Машина сразу тронулась с места и с потушенными фарами медленно двинулась вдоль тесного строя деревьев. Вскоре водитель прибавил газ, но света больше не зажигал. Когда глаза стали привыкать к темноте, дорога сузилась и над нами повисло что-то темное, рваное, как космы сказочных лесных чудовищ. Небо с тусклыми звездами, мерцающими среди жидких облаков, исчезло, и нас окружала теперь плотная, как бы подземная тьма. Она укрывала нас, но она же могла нас подвести: за каждым еле различимым пнем мог притаиться враг. Я не знаю, что думали другие, когда мы так двигались по лесу и слушали, не раздастся ли выстрел из чащи, но я старался ни о чем не думать, и это мне не удавалось, мысли мои перескакивали с предмета на предмет, и я сидел затаив дыхание и готов был молиться богу, в которого никогда не верил: «Помоги нам! С нами ничего не должно случиться этой ночью! Мы должны попасть в Бухарест!»

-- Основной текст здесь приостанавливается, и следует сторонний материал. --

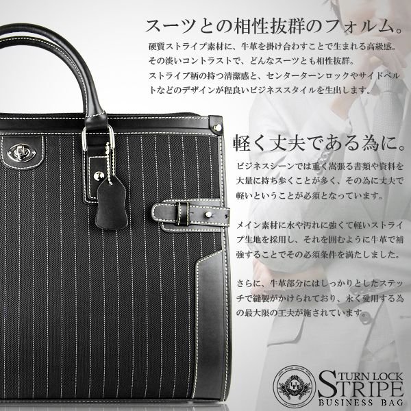バッグ正面にターンロックを配置しビジネスシーンをお洒落に決めるアクセントに。

Так мы двигались с потушенными фарами довольно долго, и вокруг нас был громадный лес, была черная, угольная ночь и были таинственные, тревожные звуки шагающей где-то в кустах опасности. Два раза начиналась стрельба все еще далеко от дороги — резкий сверлящий стрекот автоматов, а когда мы наконец выбрались из леса, в радостном свете вновь вспыхнувших фар заметалась вдруг темная, похожая на огромную летучую мышь тень человека.

Раздался крик, скрип тормозов, и машина остановилась. Кротов вскочил, хватаясь за автомат, но человек на дороге уже стоял смирно, высоко подняв руки, и что-то кричал майору, который первым очутился на шоссе. Услыхав румынские слова, я встал и, волоча одеревеневшую от долгого сидения ногу, выбрался из кузова.

Человек, из-за которого мы остановили машину, все еще стоял с поднятыми руками, залитый белым светом фар. Он был высокий, худой, черноволосый, с небритым, запыленным лицом. На нем были штаны военного образца, обтрепанная куртка и ярко-желтые бутсы.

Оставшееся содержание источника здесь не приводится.